As seen in the Washington Post.
The entirely preventable financial catastrophe we have watched unfold over the past 18 months has many culprits: reckless executives who gambled with their company’s futures, feckless regulators and somnambulant boards of directors.
But while executives and regulators have justifiably taken heat for this multifaceted debacle, board members have largely been let off the hook. Why?
It is a board’s responsibility to oversee management and to ensure a company’s long-term survival. Its job, in short, is to represent the owners — the shareholders.
With the tumbling and collapse of dozens of major financial and other institutions, can we draw any conclusion other than that those directors utterly failed in this regard?
Yet, increasingly, we are hearing apologists rise to the defense of boards, evidence that the process of obfuscation of the boards’ guilt has begun. This is dangerous.
Evidence of this trend includes a recent Business Week article, “How Much Blame Do Boards Deserve?” by Jack Welch, the former chairman and CEO of General Electric, and his wife. Now, I have a great deal of respect for Jack Welch. But this defense of boards was wrong.
Non-executive directors at our battered and bankrupt financial institutions could not have been expected to understand the risks of complex, highly leveraged derivatives that brought about our financial crisis, the Welches wrote. That is nonsense. A board member should be able to understand when a company is leveraged up to 40 times the value of its assets, as some were. In my view, many were just not doing their jobs.
Jack Welch believes that some boards’ members should have pressed managements more on their risk strategies. Chances are that some directors did take this approach. But did they demand any change of course? Or did they just accept the management line that certain risks are necessary to generate returns?
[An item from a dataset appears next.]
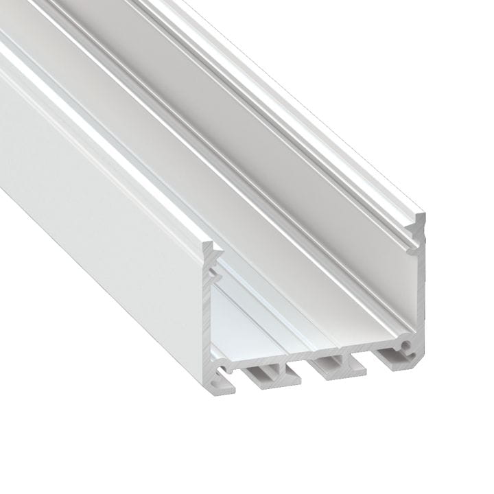 Biały lakierowany profil LED aluminiowy typ ILEDO do montażu nawierzchniowego o długości 2 metrów, z możliwością stworzenia oświetlenia wiszącego.
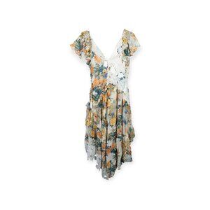 Anthropologie Floral Asymmetric Midi Dress With Lace Details Size 4 Multicolor Lightweight Boho

I think we have a right to expect more from directors. The system of checks and balances between boards and executive teams has, in too many cases, disintegrated. In this global meltdown we are seeing that many board members were demonstrably unqualified, abjectly remiss or simply too cozy with management.
Clearly, we must strengthen boards at public companies. Some measures must include splitting the role of chairman and chief executive; eliminating “staggered” boards, which allow for only a minority of members to be elected in any one year; and giving shareholders the right to propose board members and resolutions on company proxy statements.
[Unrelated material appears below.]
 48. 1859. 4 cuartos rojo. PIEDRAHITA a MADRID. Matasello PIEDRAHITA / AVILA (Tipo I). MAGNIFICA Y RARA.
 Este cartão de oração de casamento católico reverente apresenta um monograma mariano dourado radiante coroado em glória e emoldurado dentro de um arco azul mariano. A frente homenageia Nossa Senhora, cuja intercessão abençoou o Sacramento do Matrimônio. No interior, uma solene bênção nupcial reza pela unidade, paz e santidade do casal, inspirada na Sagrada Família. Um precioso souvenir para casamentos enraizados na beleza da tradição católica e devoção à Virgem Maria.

Non-executive board members are fiduciaries to shareholders who choose and oversee managements, and the chairman is the main shareholder representative. How can the chairman oversee the CEO if the job is one and the same, as it is at a majority of Fortune 500 companies? Splitting these roles would eliminate this inherent conflict.
Similarly, how can shareholders exercise greater power if managements are allowed to thwart them from being nominated to company boards? In many states, provisions such as staggered boards, which are meant to prevent a full board takeover in any one year, and “poison pills,” which effectively block takeovers by new managements, are perfectly legal.
The dictum of the new White House chief of staff Rahm Emanuel, “You never want a serious crisis to go to waste,” applies to our financial and economic situation. Inept — and often very well-paid — managements and boards got us into this mess. Let’s respond by making lasting changes to make them more accountable to stakeholders, which includes everyone in this country.
Corporate law is largely the province of states, which to varying degrees protect flawed governance models. What is needed is a superceding federal law that gives shareholders the right to vote by simple majority to move their company’s legal incorporation to states that uphold greater shareholder rights.
North Dakota, for example, is recognized as having the most shareholder-friendly corporate laws in the nation, thanks to recent legislative action. By incorporating in the state and adopting its provisions, a public company would in one easy step improve rights for its shareholders and eliminate the often too-cozy relations between managements and boards.
I want to be clear: Jack Welch did a masterful job as the chairman and chief executive of GE for two decades, until 2001. But with GE Capital soaking up $139 billion in government loan guarantees, it’s fair to ask whether the board demanded answers from its current CEO and chairman, Jeffrey Immelt, about the risks embedded in that critical division. Alarm bells should have gone off in the boardroom long before this blue-chip company sought taxpayer help.
Our disastrous market meltdown makes clear that it is high time for shareholders to demand and receive more accountability from the boards and managements of their companies. I have created the United Shareholders of America campaign to focus on just these issues. Only by concerted action can we make changes to how our companies are managed.